How to boot FreeBSD 10.2 on a MacBookPro 7,2?
Is the NVidia MCP89 AHCI SATA controller a problem?
Is ACPI a problem?
How to obtain more debugging information?
*Known actual state*
The FreeBSD wiki on MacBook says:

Recent MacBook Pro and Mac Mini with NVIDIA MCP89 cannot find SATA drives. Linux added a workaround (https://bugzilla.kernel.org/show_bug.cgi?id=15923) and we may need a similar hack until correct fixes are found.

and there is a patch

Do not force AHCI mode on NVIDIA MCP89 SATA controllers. Recent Apple
Mac with this chipset does not initialize AHCI mode unless it is started
from EFI loader. However, legacy ATA mode works.

Submitted by: jkim@ (original version)
Approved by: re (kib)
MFC after: 1 week

Already included in FreeBSD 10.2

*Resources*

There is a related question here: FreeBSD 8.1 on MacBook 5,2
And an interesting documentation about boot troubleshooting there: https://doc.pfsense.org/index.php/Boot_Troubleshooting
There is a related unix stackexchange question


----------



## Vinicius Agassi (Nov 24, 2015)

4 Steps

1 - Virtualize a BSD in Mac OS System
2 - Convert Virtualized HDD (vdi) to .img
3 - Burn .img in a HDD partition
4 - Start & Enjoy


----------



## Ortomala Lokni (Nov 24, 2015)

Yes, you are right. I already did it. 

But I would like to install FreeBSD directly on the macbook hardware.


----------



## Vinicius Agassi (Nov 24, 2015)

Yes, the Virtual Machines create a archive.vdi or archive.vmc.
You need convert this archive to .img and then, you can burn this image on HDD.


----------



## Atsuri (Nov 29, 2015)

OP, have you tried running FreeBSD from a DVD? For me FreeBSD would boot much better from a DVD on average.

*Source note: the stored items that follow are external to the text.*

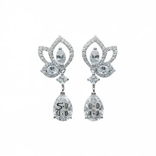 E3551 White Gold Diamond Earrings Pear Cut D Color Natural Luxury Wedding Women's Jewelry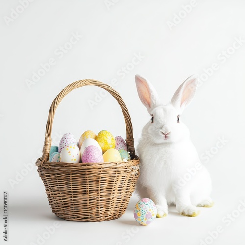 A fluffy white rabbit sits beside a woven basket overflowing with colorful, speckled Easter eggs against a clean white background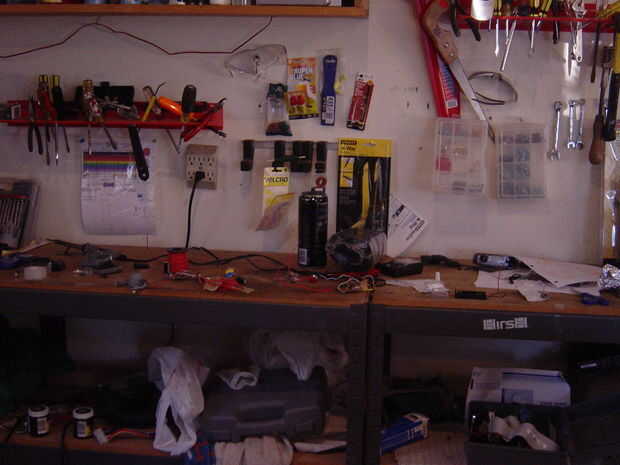 1 tener un espacio de trabajo limpio. Imagen número uno es nuestro banco de trabajo. Un ejemplo perfecto de qué no hacer. Creo que pasamos más tiempo en busca de piezas y herramientas que realmente construir el proyecto.
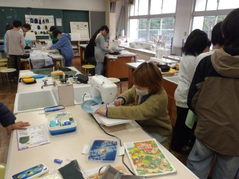 エプロンづくりをしていました。もうすぐ完成しそうです!

Also, I have the very same MacBook Pro and there are known problems with the proprietary nVidia drivers and the nVidia card on this laptop. The GeForce 320M is one of the rare devices not properly supported by nVidia's drivers and problems with it were never addressed. Unfortunately, it is also related to Apple's UEFI setup. There is a workaround, though maybe it's not needed for FreeBSD?

Best of luck!


----------